Justice Scalia spent much of his early career bouncing back and forth between practice and academia, including seven years teaching law at the University of Chicago. Could you have survived Professor Scalia?
Getting Cold Called by Scalia
If you were a law student at the University of Chicago in the late 70s, you might have had a young professor Scalia for contracts — or administrative law, or constitutional law, or federal communications law, or just hanging around your Federalist Society clubhouse. Scalia, a Harvard Law grad, was attracted to the school’s conservative reputation and “Straussian” approach to textual interpretation, according to Chicago’s student newspaper, The Chicago Maroon. The free tuition for his then seven children was also a benefit.
Getting cold called by Professor Scalia in Admin might be the closest many lawyers ever got to experiencing Supreme Court oral arguments.
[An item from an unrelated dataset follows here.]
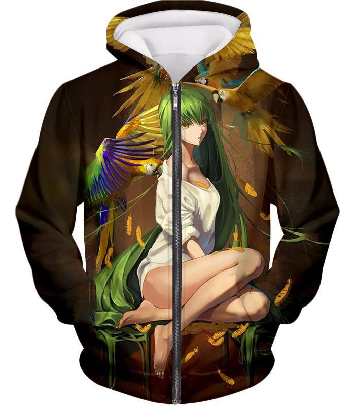 Green Haired Sexy Girl C.C Cool Anime Poster Zip Up Hoodie

And, if Scalia’s SCOTUS tactics were any indication, it wouldn’t have been a pleasant experience. Here’s how former Solicitor General and Scalia clerk, Paul Clement, describes Scalia’s oral argument tactics:
Justice Scalia’s questions were pointed and inimitable. He came to each argument fully prepared to engage with counsel. To paraphrase the justice, when it was time for oral argument, “this wolf came as a wolf.”
But He’d Go Easy on Students, Right?
Of course, many of his students remember his classes fondly — or at least without noticeable signs of trauma. He was “an engaging teacher who used a mythical apple (linked, in Scalia style, to the Founding Fathers), and as the example in each of the hypothetical contracts in his Contracts class,” according to the Maroon.
But Scalia has never been one to pull punches with students. When liberal (or just upstart) students would confront him about his opinions or approach to the law, he had no problem shutting them down, as he did with this student who asked about cameras in the Court, or this one, who took offense to the Justice’s homophobia, or this one, who second guessed Bush v. Gore.
So, would you have survived? Yes, probably. But it would have been a struggle, and a worthwhile one at that.